Find the basis for column space $$A=\begin{bmatrix}1&-1&3\cr 5&-4&-4\cr 7&-6&2\end{bmatrix}.$$
I'm quite confused because I thought there were two methods: using the transpose or not.
By not using the transpose of $A$ and computing the RREF, I would get $$A=\begin{bmatrix}1&0&-16\cr 0&1&-19\cr 0&0&0\end{bmatrix},$$ for which I find that columns 1 and 2 have leading 1s. Therefore, I would go to the original matrix's columns 1 and 2 and say the basis for the column space is $\begin{bmatrix}1 & 5 & 7\end{bmatrix}$ and $\begin{bmatrix}-1 & -4 & -6 \end{bmatrix}.$
However, my textbook solution did the transpose method to get $$A^T=\begin{bmatrix}1&5&7\cr -1&-4&-6\cr 3&-4&2\end{bmatrix},$$ and the reduced form is $$A=\begin{bmatrix}1&5&7\cr 0&1&1\cr 0&0&0\end{bmatrix}.$$ The book got $\langle 1,5,7 \rangle$ and $\langle 0,1,1 \rangle;$ however, if we reduce it further, we get $\langle 1,0,2 \rangle$ and $\langle 0,1,1 \rangle.$
- I'm not sure whether the textbook sol of $\langle 1,5,7 \rangle$ and $\langle 0,1,1 \rangle$ vs. $\langle 1,0,2 \rangle$ and $\langle 0,1,1 \rangle$ is right.
- And why are all these numbers different from finding the corresponding columns from the original matrix? Is this method wrong to begin?
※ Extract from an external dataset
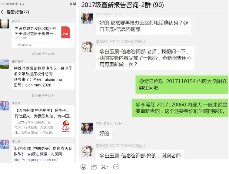 根据学校要求,图书馆及时全面掌握全馆教职工动态,严格落实值班值守制度和报告制度,调整师生文献服务方式,确保24小时电子资源线上服务不间断。通过微信、QQ群、电话等方式及时向师生发布图书馆信息资源开通免费服务信息、在线解答读者关于防疫期间图书馆服务问题的咨询,通过VPN完成研究生开题查新工作。通过图书馆公众号、网页等推送有关疫情及心理辅导的资源、讲座等。
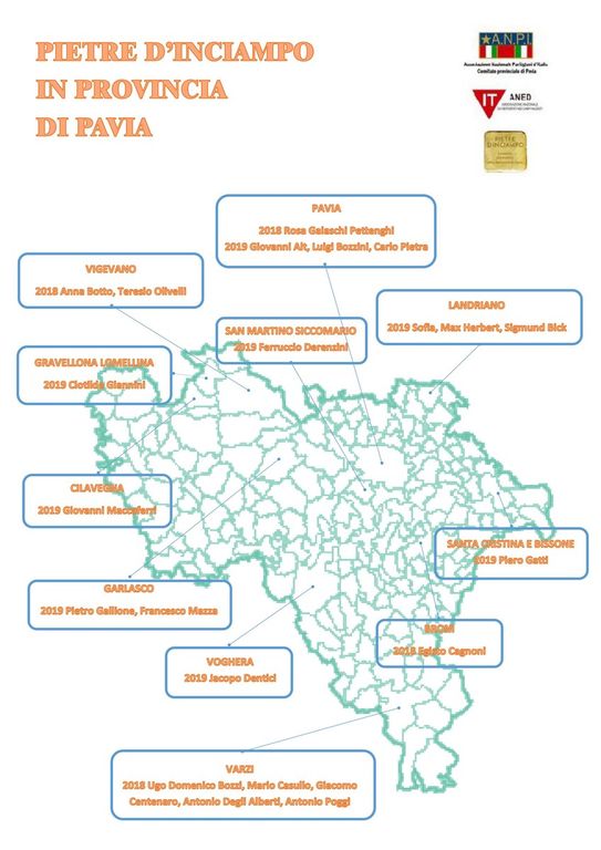 Dopo la prima pietra d’inciampo posata a Pavia piazza Petrarca nel gennaio 2018 in memoria di Rosa Gaiaschi (antifascista deportata in lager con il marito e il figlio), il progetto europeo curato dallo scultore Gunter Demnig continua in Provincia di Pavia grazie alla sinergia tra Anpi / ANED/ Istituto storico della Resistenza.

Both of these solutions give rise to the same basis. Observe that for $v_1 = (1, 5, 7)$ and $v_2 = (-1, -4, -6),$ we have that $v_3 = v_1 + v_2 = (0, 1, 1),$ from which it follows that $\operatorname{span}_k \{v_1, v_2 \} = \operatorname{span}_k \{v_1, v_3 \}.$ Of course, we could go one step further to see that $v_4 = v_1 - 5 v_3 = (1, 0, 2)$ so that $\operatorname{span}_k \{v_1, v_3 \} = \operatorname{span}_k \{v_3, v_4 \}.$